The Dreaded Box
The Wolvog wanted a desk in his room, but had been dragging his feet on it because he didn’t want the room to look different. I got that. But I recently realized that if we gutted his closet, he could put the desk in his closet. The closet was mostly storage, so the rest of his room would stay as is, and when the door to the closet was closed, it would look exactly the same.
Win-win.
But cleaning out the closet meant dealing with a lot of empty fertility drug bottles and paraphernalia that I had shoved up there 16+ years ago to put off dealing with it. And if we were cleaning out the closet, we were cleaning out the entire closet. The Wolvog dealt with his things, and I was forced to open the box and look at papers and unused sharps and books. The preemie diapers and tiny nail scissors.
So much time has passed, but it still hurts in the exact same way that it hurt when we stopped treatments. It was as if no time had passed. I cried in the same way. It impacted my mood the rest of the day in the same way.
But it feels like I could have waited another 16 years and had the same result. The same feelings.

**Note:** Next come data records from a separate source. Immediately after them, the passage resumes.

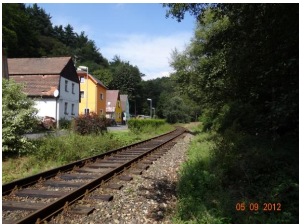
Ohroženo těleso dráhy a rodinné domy.
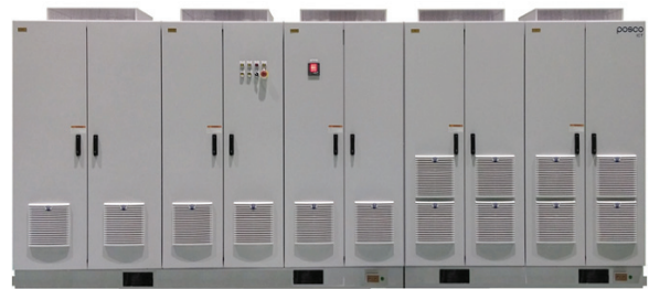
그림 1. 2MW 전력변환장치 외형

조정용 전력변환장치(PCS, Power Conditioning System)는 컨테이너 기준으로 정격용량을 4MW로 구성하며, 전력변환장치 단위 용량은 1MW 또는 2MW로 구성할 수 있다. 변전소에 적용한 전력변환장치는 단위 용량 2MW로 구성하였으며 전력변환장치의 외형은 그림 1, 상세사양은 표 1과 같다.[2]
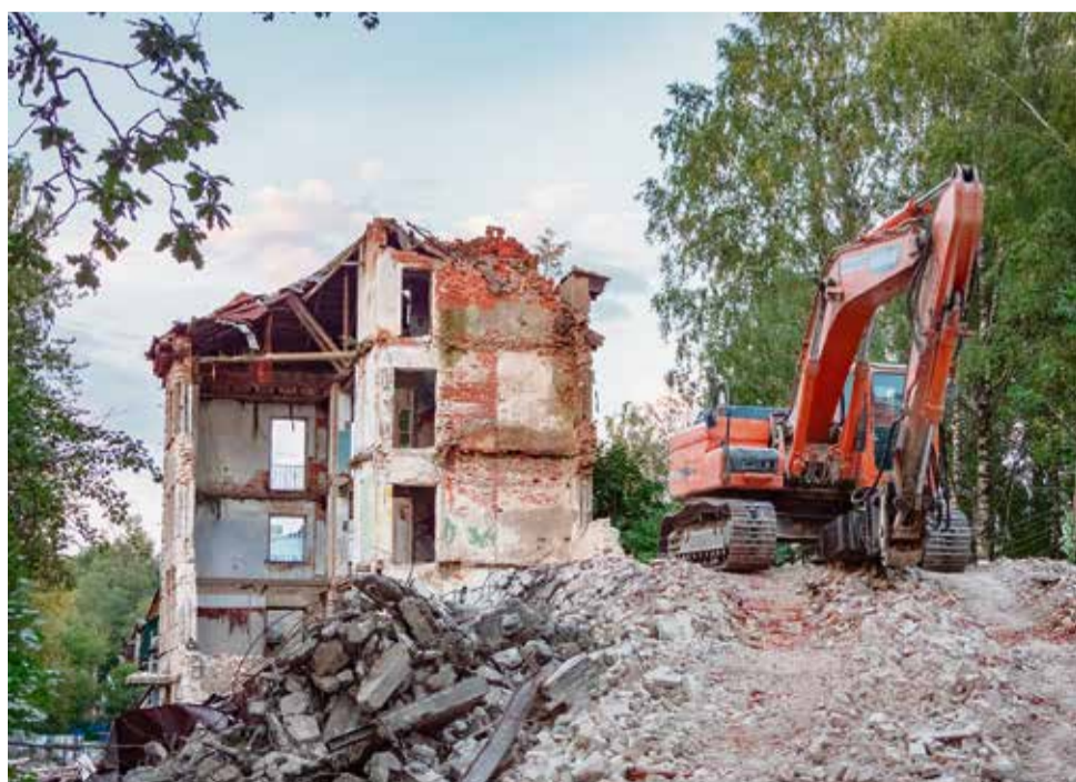
Снос дома № 1 п. Осельки

фонда на территории Ленинградской области в 2019 – 2025 годах» дома подлежат расселению.
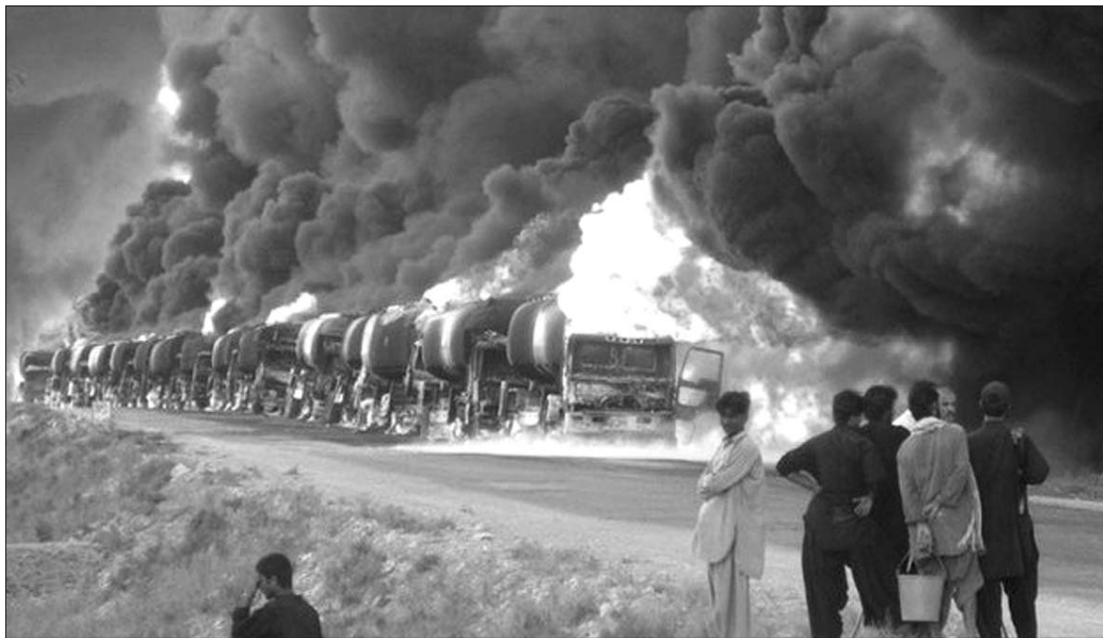
Pakisztánban lángba borult a NATO konvoja. Az afganisztáni utánpótlás ezen az útvonalon zajlik

vesztették – közölték tegnap pakisztáni titkosszolgálati forrásból. Az akciót hétfő éjjel hajtották végre törzsi területen, Észak-Vazirisztánban, a radikális iszlamisták egyik fellegvárában. Egy gépkocsit vettek célba két rakétával a pilóta nélküli repülőgépről, azaz drónról. A halálos áldozatok kiléte ismeretlen. Egy helyi tévécsatorna számításai szerint idén ez volt a pilóta nélküli repülőgépekről végrehajtott 51. támadás Pakisztánban. A csapásmérések – amelyekben eddig összesen nagyjából 800 ember vesztette életét – tovább szítják az egyébként is meglévő Amerika-elleneséget a dél-ázsiai iszlám köztársaságban. ◀
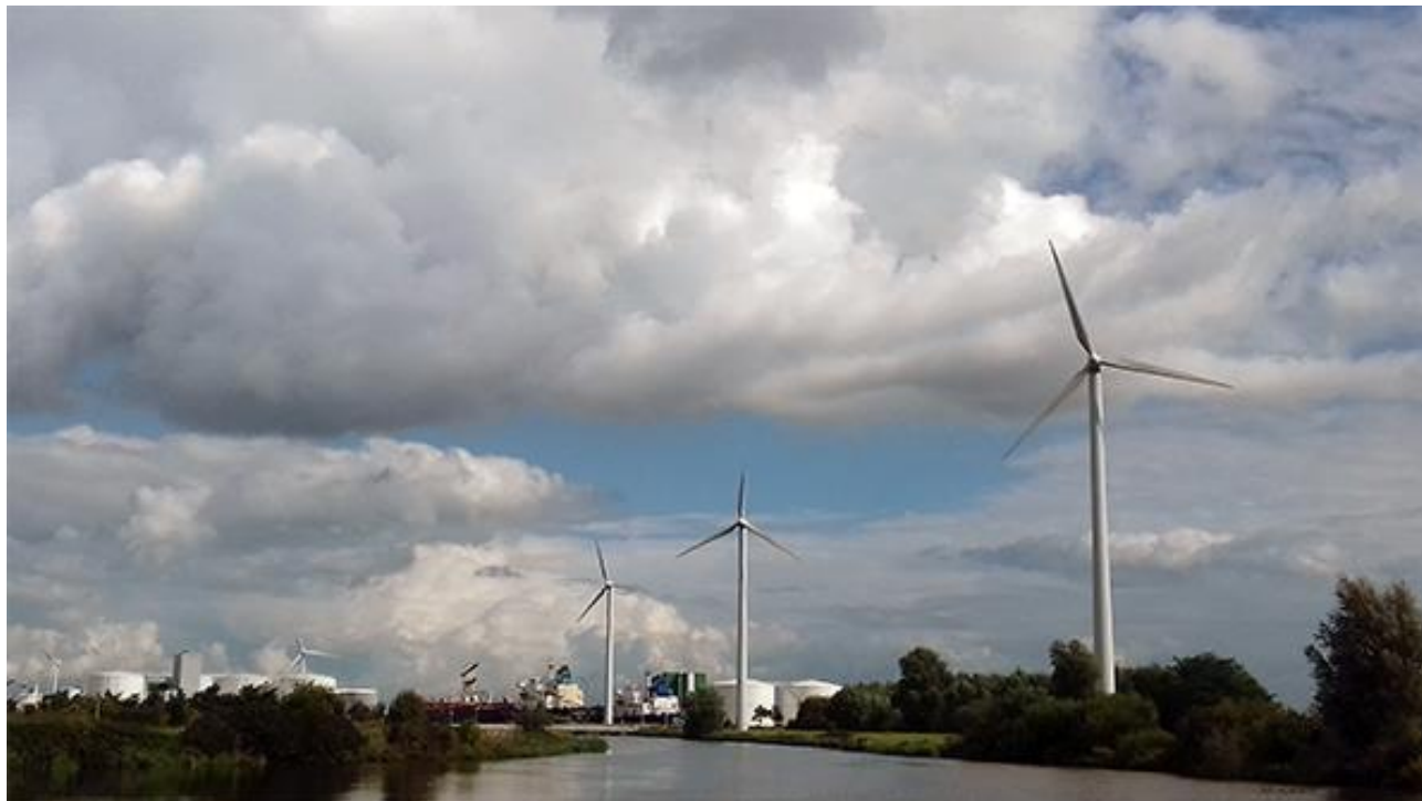
Foto genomen voor de woningen naast het gemaal met rechts het N1 terrein (met de windmolens), op de achtergrond links de tanks van Oiltanking met rechts ervan de vrachtschepen. De woonwagenlocatie bevindt zich direct links van het water.

In het Hoofdrapport regionaal risicoprofiel 2012 staat dat een incident met giftige stoffen in Westpoort grote impact kan hebben, met mogelijke effectgebieden tot in bewoond gebied. En daar wonen wij.
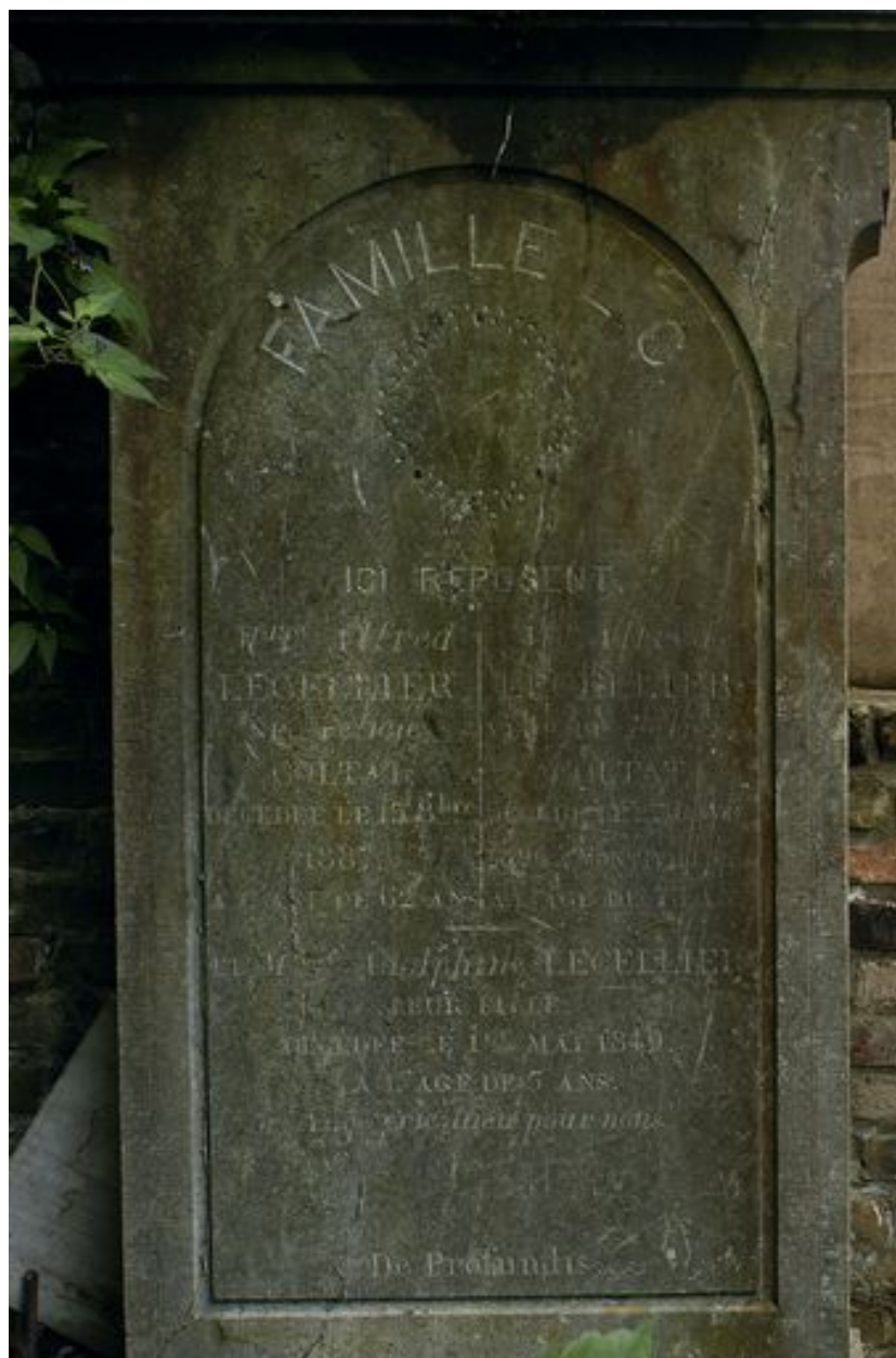
Table de la stèle.
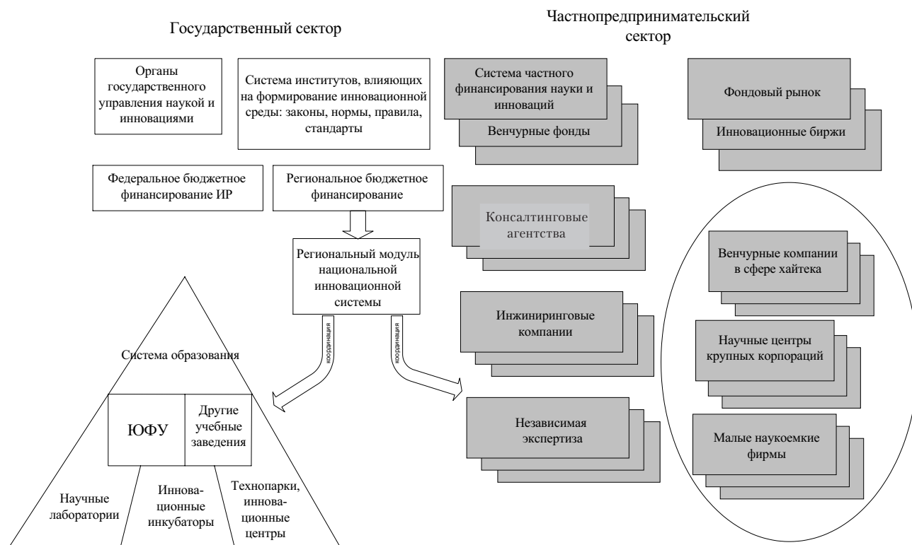
Рис. 5. Проект региональной инновационной системы Ростовской области

In the end, the Wolvog had an empty closet, feeling his own feelings about throwing out mementos from his childhood. It was an emotionally hard weekend, but he now has space for a desk.







3 comments
Do you feel lighter or heavier after? That is the measure of whether you were ready to let go. (However, since I know you are resistant to letting go, it may not be the right metric for you. Also, I suspect there are more boxes, whether they are physical or mental, that you have stashed.) Regardless, it’s done and you can move forward, knowing that you have dealt with at least one small part of a painful past. Be proud of yourself.
Oof, those artifacts are gut punches. I feel like boxes like that are like portals, they take you right to a time that hurt, a lot. I recently found a box with cards from our baby shower in it. I can’t bear to throw it away, but I sure did spend some time reading the cards and it put a shadow on the day, too. Sending you love, that’s hard.
I LOVE the idea of a desk in a closet! I love small space solutions and think closets with the doors taken off and painted a different color (or peel-and-stick wallpapered) look amazing. Also like a lot of work. I hope the Wolvog enjoys his new space!
Right after I had my daughter, a woman my mom had been friends with when I went to school with her sons told me she had also experienced infertility “and you never forget how it feels.” Having a baby doesn’t make it go away, not having a baby doesn’t make it go away. I have a sharps container deep in the recesses of a closet and I know I should dig it out and dispose of it but I want to leave it there, buried, so I don’t have to go back to those feelings right now.